======== Data segment
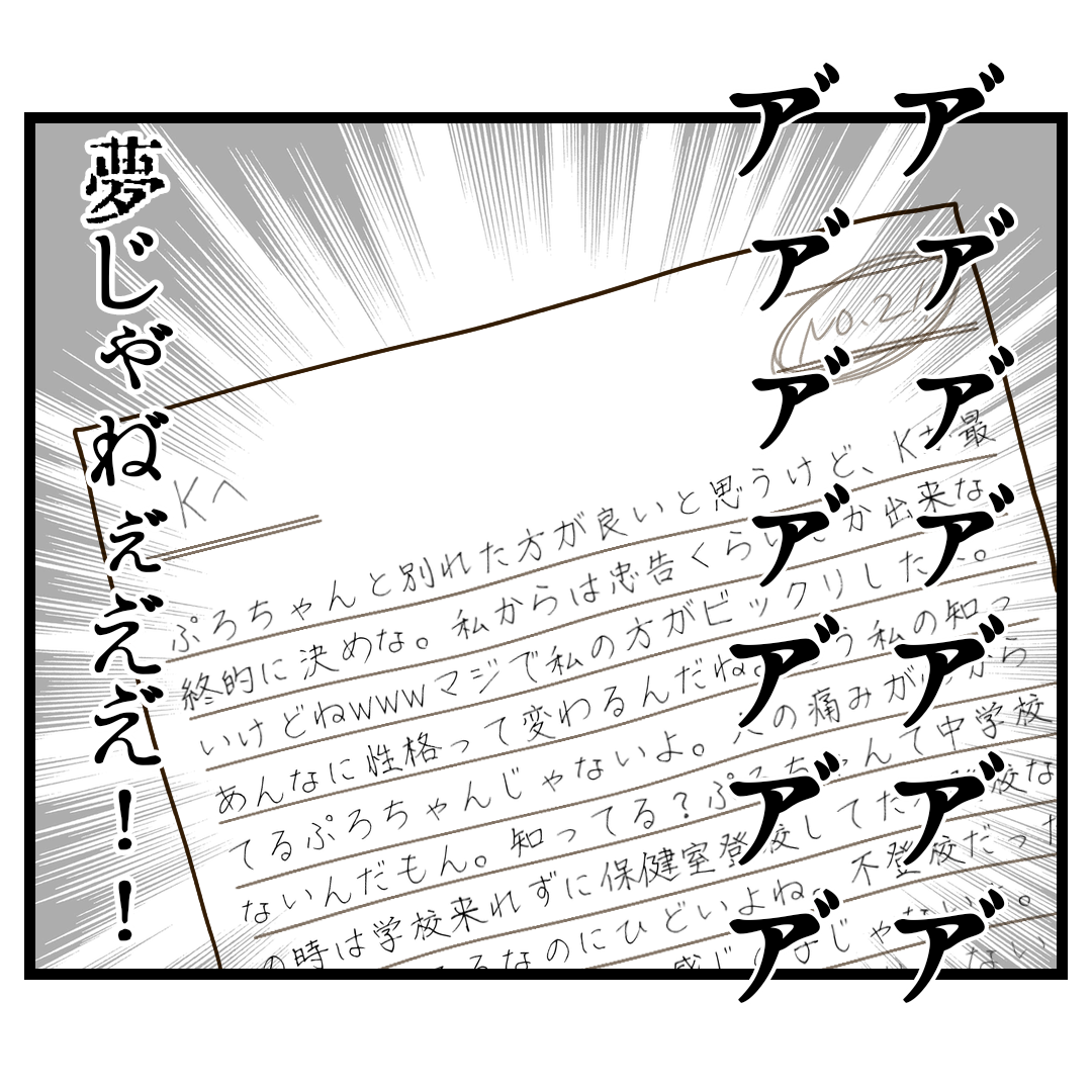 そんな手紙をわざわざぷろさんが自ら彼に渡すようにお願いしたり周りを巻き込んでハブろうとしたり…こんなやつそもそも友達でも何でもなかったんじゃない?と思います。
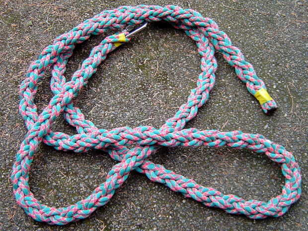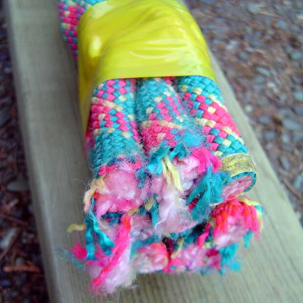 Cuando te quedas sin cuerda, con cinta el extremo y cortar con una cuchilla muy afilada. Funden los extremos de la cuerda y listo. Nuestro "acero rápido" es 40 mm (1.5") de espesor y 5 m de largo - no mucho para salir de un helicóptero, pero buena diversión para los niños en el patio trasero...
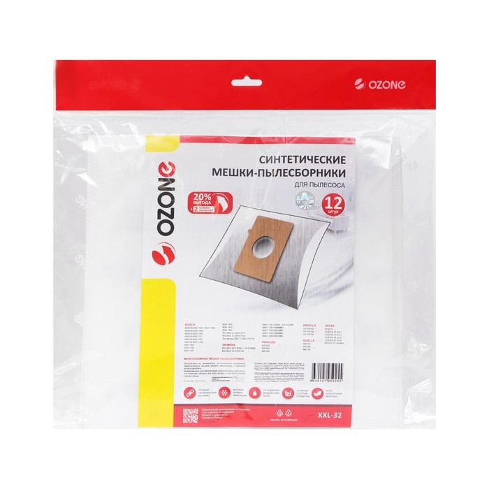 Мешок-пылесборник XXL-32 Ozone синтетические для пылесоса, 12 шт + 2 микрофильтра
================
From the line containing "Cuando te quedas" through the final line of the listing, copy every line exactly and nothing else. Skip the pictures.

 Cuando te quedas sin cuerda, con cinta el extremo y cortar con una cuchilla muy afilada. Funden los extremos de la cuerda y listo. Nuestro "acero rápido" es 40 mm (1.5") de espesor y 5 m de largo - no mucho para salir de un helicóptero, pero buena diversión para los niños en el patio trasero...
 Мешок-пылесборник XXL-32 Ozone синтетические для пылесоса, 12 шт + 2 микрофильтра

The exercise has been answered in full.